イタズラ成功みたいにしたり顔で笑う萩原と、全く気にもしてない香織。隣にいた松田は「ンなことだろうと思った」って気だるそうに欠伸をしていて・・・。


何それ、私だけ置いてけぼりみたいじゃん!!


「萩原誘うなんて聞いてないんだけど!」
「だって言ってないもん。てか普通に考えて誘えるの萩原くんぐらいしかいないでしょ」
「〜〜っ、香織他にも男友達いるのになんで・・・っ、」
「変な男連れてきてアンタにちょっかい出されたら私が松田くんに怒られるじゃん、そんなのヤダし。それに私だってせっかく遊ぶならイケメンがいいもん」
「香織も目悪いんじゃないの?!」


「ほらほら、そんなに怒ってると可愛い顔が台無しだって♪ 全員揃ったしさっさと行こうぜ」
「私は怒ってても可愛いもん!!萩原に言われなくても行くし!」


そんなやり取りをしながら私達は電車に揺られながらナイトプールの催されているホテルへと向かった。






週末ってこともあってナイトプールは同年代の若者で賑わっていて、なまえと香織ちゃんは水着に着替えるなりプールサイドでカクテル片手に映えな写真を撮ることに一生懸命で。
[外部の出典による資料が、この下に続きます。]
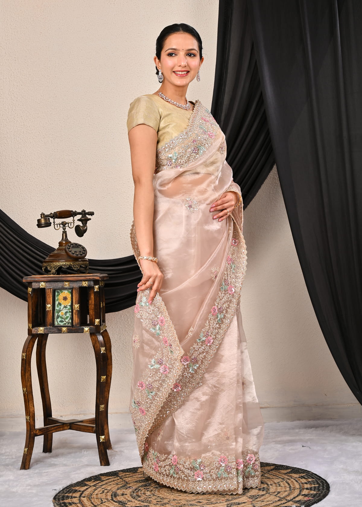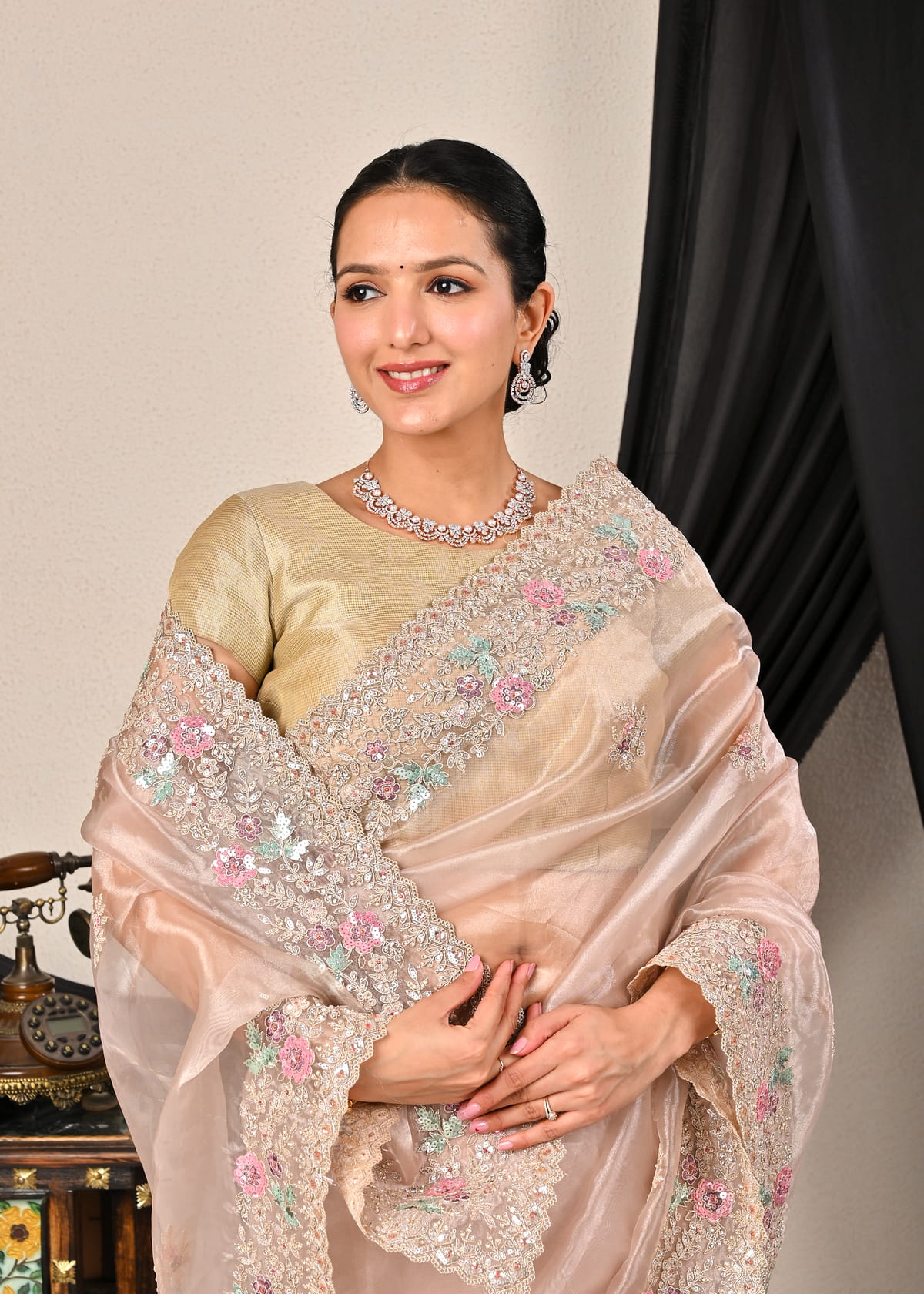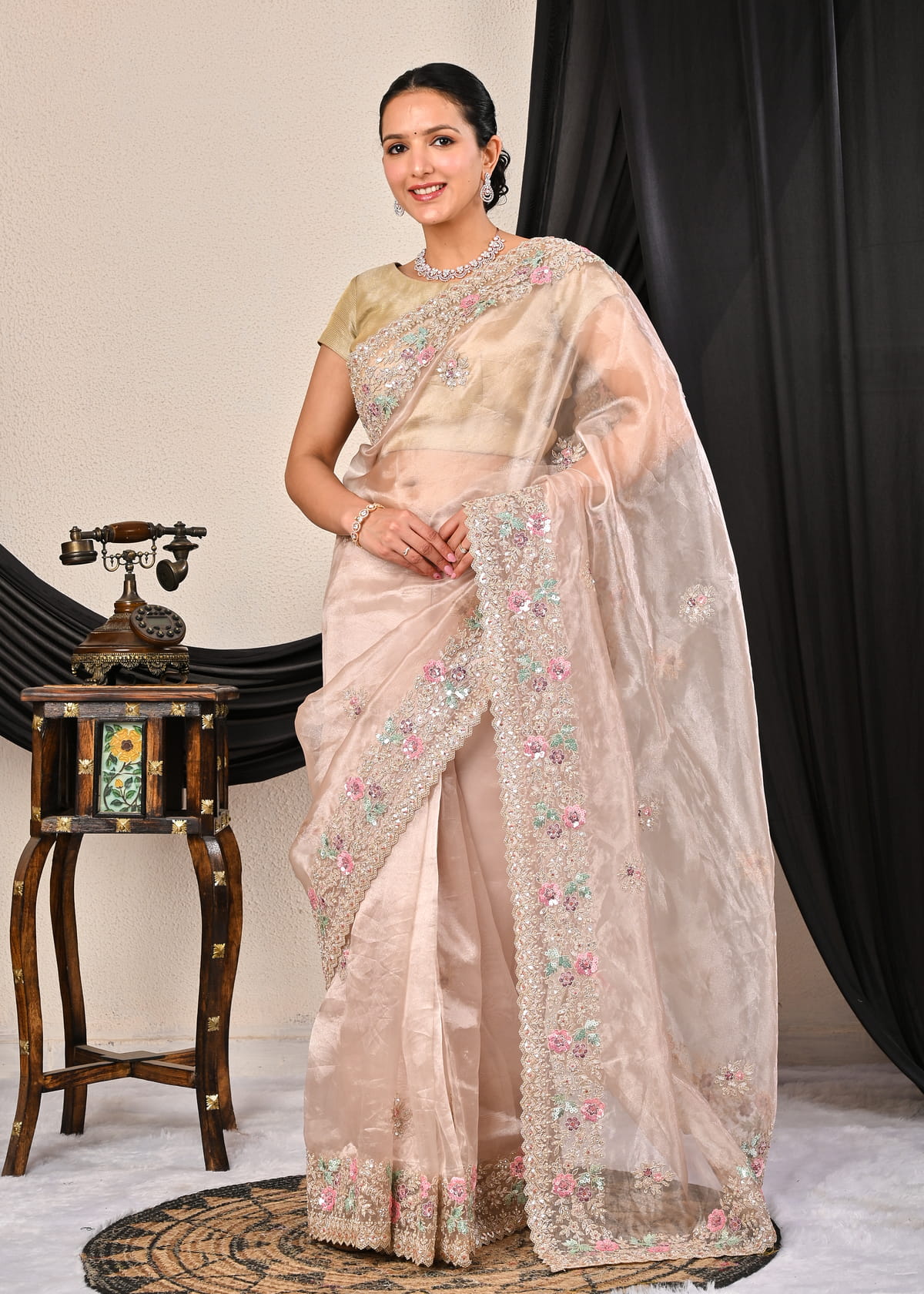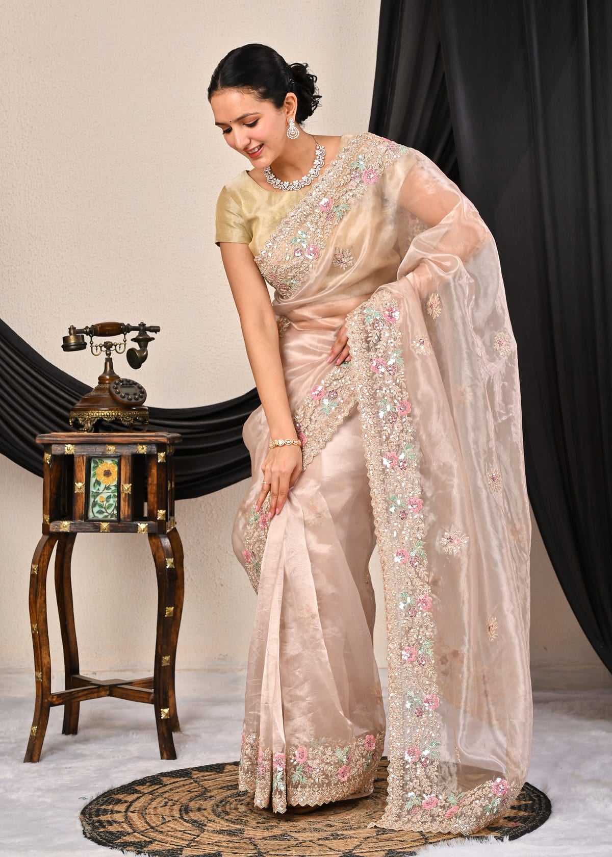 Its lightweight texture and sheer elegance offer a modern yet traditional appeal, ensuring effortless draping with a touch of royalty. Pair it with diamond or pearl jewelry for an enchanting look that speaks of poise and sophistication.

系統の違う美人が2人並べばそりゃ目立つ。すれ違う奴らが男女問わずちらちらと2人に視線を向ける。当の本人達はそんなことは少しも気にしてなくて自分達の時間を楽しんでいる。


ちらりと隣を見ればぶすっとした顔でそんななまえの後ろ姿を見る陣平ちゃん。


「なーにそんな不貞腐れた顔してんだよ、お前は」
「別に不貞腐れた顔なんかしてねェし」


陣平ちゃんはそう言いながらビールをごくりと飲むと、ふいっと態とらしくなまえの方から視線を逸らす。


ホント分かりやすい奴。


「やっぱなまえも香織ちゃんも可愛いなぁ。可愛い女の子の水着姿見ながら飲む酒は美味いねぇ」
「・・・・・・、」
「ははっ、冗談だよ。んな怖い顔すんなって♪ 」


やっぱり分かりやすいしからかいがいのある奴だよな、こいつ。


陣平ちゃんからすればなまえの水着姿なんて他の誰にも見せたくないもんなわけで。ましてやこんな出会い目当ての野郎の巣窟みたいな場所なんて論外なんだろう。


「あの子達めっちゃ可愛くね?」
「やば!マジで可愛い!俺白の水着の子の方がタイプかも!」


すぐ近くで聞こえてきた野郎2人組の声。陣平ちゃんの周りにさっきまでとは比じゃないくらい不機嫌オーラが漂う。


ちなみに白の水着を着てるのはなまえの方なわけだから、まぁそりゃ機嫌悪くなるわな。


残り少なくなっていたビールを飲み干した陣平ちゃんは立ち上がるとなまえの方へと向かう。


そんな陣平ちゃんに気付いた香織ちゃんが入れ替わるように俺の隣のデッキチェアに腰を下ろした。


「ヤダ!!せっかく新しい水着買ったのに!!」
「ごちゃごちゃ文句言ってねェでさっさと着ろ!」
「何その言い方!てか松田の方こそパーカー脱がないでよ!無理!他の女に見られるとかヤダ!!!」
「誰も見てねェよ、バカ」


少し向こうでは陣平ちゃんに強制的にパーカーを着せられてるなまえがいて。無駄に声のデカい2人だからこっちまで丸聞こえだ。


なまえのことを見ていた野郎2人組もそんな陣平ちゃん達のやり取りを見て色々察したのか、がっくりと肩を落としてどこかへ消えていった。



「ホント仲良いよね、あの2人」


優雅に足を組みながらふっと笑みを零した香織ちゃん。呆れたみたいな物言いとは裏腹に、2人を見るその視線には優しさが滲んでいて。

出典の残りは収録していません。